Гизель умела быть благодарной, но без истерики у нас не обошлось. Однажды она разревелась в самый неподходящий момент. «В чем дело?» – спрашивал я в недоумении и долго не мог ничего добиться. Наконец она заявила:
– Ты считаешь меня шлюхой!
– Я? С какой стати?
– А разве нет? Думаешь, не успела жениха похоронить, сразу же спуталась с первым встречным…
Я долго молчал, «первый встречный» меня обидел. Собравшись с мыслями, я спросил:
– Ты дура?
– Сам дурак, – шмыгнула она носом.
– Ты редкостная дура, поняла? Если тебе нравится считать себя шлюхой, считай себе на здоровье. Я же останусь при своем мнении.
– Каком еще своем?
– Я тебя люблю. Если ты до сих пор не поняла этого…
– Вы всех нас считаете шлюхами.
– Плевать я хотел на всех. Я это я, а ты это ты.
Я и не заметил, как процитировал бельгийку, говорившую совсем о другом. Но Гизель об этом не знала.
– Кстати, как там мой друг поживает? – без всякого перехода и как ни в чем не бывало поинтересовалась она. По-хорошему, мне бы следовало уйти, но ее друг… Не всегда удается проявить надлежащую гордость.
Отец приехал перед самым моим отъездом, можно сказать – к прощальному ужину. Он тоже изменился, но, в отличие от матери, не в лучшую сторону, выглядел измотанным и опустошенным. За столом рассказывал о заводе и непроходимой тупости русских рабочих. Его возмущение было неподдельным.
– Это просто звери какие-то. Я не могу понять, как им удалось осуществить с подобными кадрами их хваленую индустриализацию, построить заводы и гидроэлектростанции. Ты представляешь, дорогая, – раньше он никогда не употреблял подобных слов, – по документам они числятся квалифицированными специалистами, а их приходится обучать простейшим операциям. Полный идиотизм. Теперь я понимаю, что русский социализм не более чем блеф. Такой же, как их непобедимая Красная Армия. Их Сталин опять всех надул.

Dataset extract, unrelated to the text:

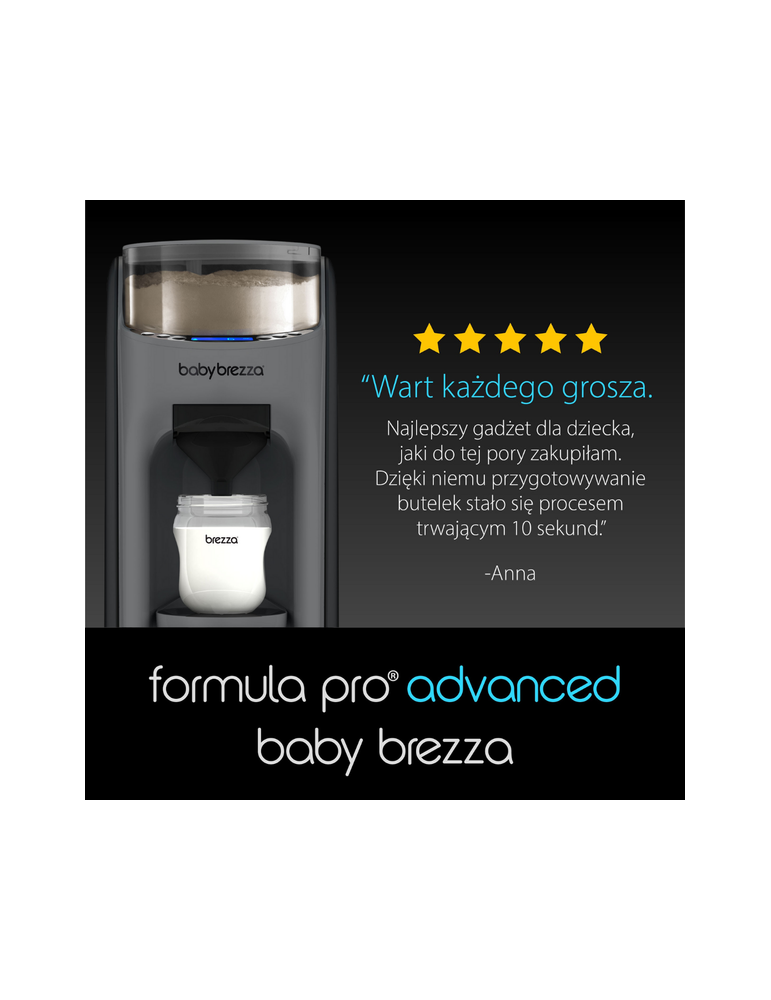 Formula Pro Advanced Charcoal od Baby Brezza to rewolucyjny ekspres do mleka, który sprawi, że przygotowanie każdej butelki dla maluszka będzie szybsze i mniej stresujące. Teraz dostępny również w nowym kolorze - Charcoal. Maszyna miesza mleko modyfikowane z wodą i dozuje jednorodną formułę w wybranej temperaturze - bezpośrednio do butelki. Na stronie www.babybrezza.pl znajduje się lista przetestowanych mlek, które pogrupowane są w 10 kategorii, żeby jak najdokładniej dobrać doskonałe ustawienia Formula Pro Advanced do mleka z którego korzystacie, ogranicza to możliwość popełnienia błędu w dawkowaniu. Pożegnajcie rozsypane mleko na blacie kuchennym w środku nocy i płacz maluszka czekającego 5 min na butelkę - powitajcie Baby Brezza Formula Pro Advanced!

– Может, это саботаж? – предположила мать. Я промолчал, а отец не ответил. Когда мы перешли к десерту, он попытался поговорить со мной о России, однако разговора не вышло, слишком далеки были его вопросы от того, с чем мне приходилось иметь дело на практике. Затем, расспросив Юльхен о школьных успехах и пожурив за пренебрежение классическими языками, отец высказал новую идею, а именно – не взять ли нам восточную работницу в качестве прислуги. Как инженер, работающий на оборону, он может на это претендовать. Я уткнулся глазами в тарелку. Созрел, стало быть. А ведь в свое время постеснялся участвовать в ариизации. Впрочем, там речь шла о людях, внешне, да и внутренне таких же, как мы, – ходивших в те же школы, говоривших на том же языке, читавших те же книги, потреблявших те же продукты питания. Матери идея тоже не понравилась. Во всяком случае, она насторожилась.
– Это еще зачем?
– Тебе облегчение и вообще, – ответил отец, несколько смущенно, понимая, куда та клонит. Мать в ответ пожала плечами, видимо рассудив, что отец всё равно пропадает на заводах и работница с Востока не представит серьезной угрозы семейному благополучию.
– Надо подумать.
Ближе к ночи, когда я готовился лечь в кровать, отец вошел ко мне в комнату. Неловко присел на стул у окна. Было видно, ему хочется общаться с сыном, более того, он видит в этом свой долг, и тот факт, что общения не выходит, не на шутку его расстраивает.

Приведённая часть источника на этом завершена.